Maximum Intensity Cardio

Beckie1001

New Member
Hi All
I just started "Maximum Intensity Cardio" about a week ago. I've done the cardio part twice now, but I haven't even started the step portion. I haven't actually made it through the whole cardio part yet. My calves hurt when I get to the high intensity part. I was wondering if anyone else has experienced this? I have to rest a day before I do the workout again because my calves hurt. I was wondering if this is normal?

Thanks.
Take care,
Beckie
 
Keep up the good work, Beckie. That one is pretty high impact. But it sounds to me like you may be experiencing more discomfort than you should. In case it's been a while since you bought good aerobic shoes, I would check that option - get a good set of aerobic or cross training shoes with plenty of support. Also, make sure you stretch thoroughly after you're done, no matter how far you decide to go into the workout. That usually helps me to reduce any soreness the next day. One other suggestion - possibly your calves are not quite strong enough yet. You might try doing calf raises and also walking up hills.

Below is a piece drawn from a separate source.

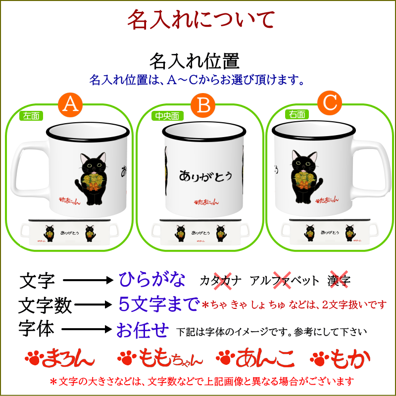猫C=父の日プレゼント 名入れメッセージ入れ マグカップ2=

Of course, I'm saying this not really knowing your fitness level. If you consider yourself fit and you're still having problems, I'd take a break and possibly visit a doctor about any persistent pain. Please note that I'm not a fitness trainer - this is just based on my own experience over the years.

Good luck!
 
This one fits the title completely, "Maximum intensity"!

I would second the shoe suggestion, and modify!!!! You should not be in pain, and there is no need to drive yourself to injury. Take your time and give yourself a learning curve on this one, your calves will strengthen gradually, the way they should.
One thing I have learned is that the most complete goals are the ones earned slowly...

Have fun!:)
 
I would also recommend that you concentrate on landing toe-ball-heel and making sure that you are using your whole foot to push off from, not just staying on your toes the whole time. This can put extra stress/effort on the calves and cause them to fatigue too early, especially as in the MIC hi/lo there are many moves that tire the calves. I think that somewhere in there Cathe reminds us to do this and I always had to catch myself and use the whole foot, as she says, this will make the workout harder overall, but, for me at least, easier on the extreme calve burn. Also, if you have GS Legs do that calve routine twice a week on nonconsecutive days and you'll notice strength and endurance gains quickly!

Now if I could just figure out a way to keep my internal organs from jiggling during MIC!
Mattea:D
 
Oh I definitely feel it in my calves. In fact this is the only workout that makes my calve muscles sore--I hardly feel it when I do my actual calve workout in the gym.

I start getting the calve burn before she even goes into the high impact stuff. Sometimes just working through it helps, but if you're in that much pain maybe you could skip the floor routine for a while & go right into the step. The step section is basic, fun & high intensity.

This is actually my time saver workout--if I oversleep I'll do one section or the other rather than the entire workout. Both sections together are exhausting!
 
Thank you for the suggestions.

I forgot to mention that since I was doing it on carpet that I wasn't wearing any shoes. So, today I wore shoes and my calves didn't hurt at all. So it must have been the fact that I wasn't wearing shoes. I almost made it all the way through this time but I have about 2-3 weeks of repetition before I will be able to get through without stopping.

Thanks!
Take care,
Beckie
 
Yes, it's normal. Lots of hopping around on the ball of the foot. Just stick with this one. I used to do it split up - hi/lo one day, step another. And I had to modify, modify, modify the heck out of the hi/lo. I did this workout every Saturday for quite awhile. Now, when I do MIC, I take no breaks between the hi/lo and step and I do the step on a 10" board. Just stick with it, and have fun!